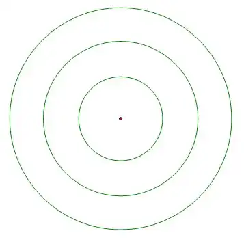 Concentric Circles share the same center, axis or origin with one inside the other. Concentric Circles do not necessarily have the same radius.
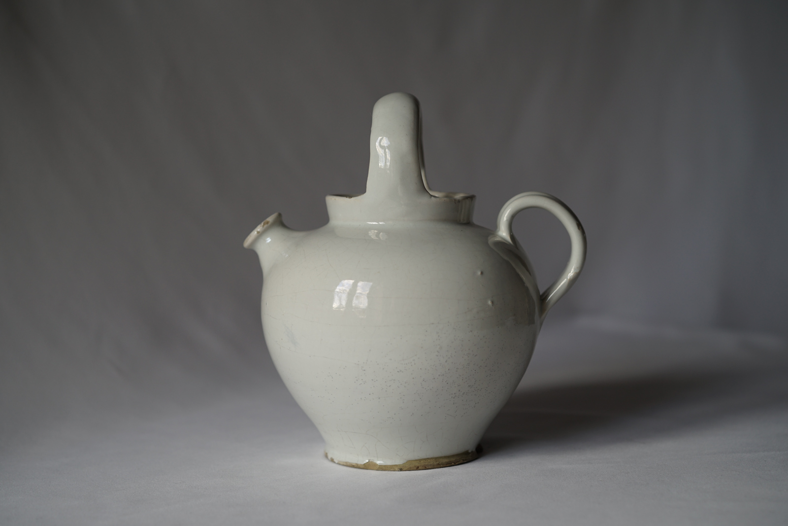 うっすら貫入のある青みと透明感のある白錫釉 部分的に鉄分が浮いています
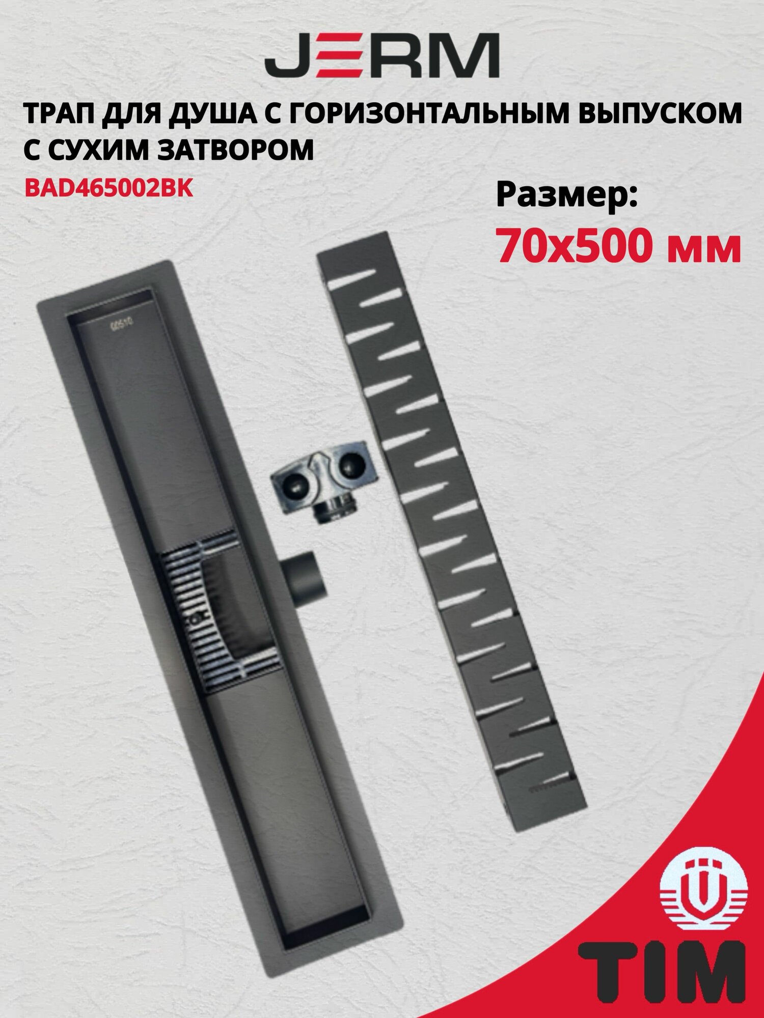 Купить Трап для душа, душевой лоток с горизонтальным выпуском 70 мм/500 мм с сухим затвором черный TIM BAD465002BK
....
Nothing but an exact copy of the data above, minus its pictures, should appear in the response.

 Concentric Circles share the same center, axis or origin with one inside the other. Concentric Circles do not necessarily have the same radius.
 うっすら貫入のある青みと透明感のある白錫釉 部分的に鉄分が浮いています
 Купить Трап для душа, душевой лоток с горизонтальным выпуском 70 мм/500 мм с сухим затвором черный TIM BAD465002BK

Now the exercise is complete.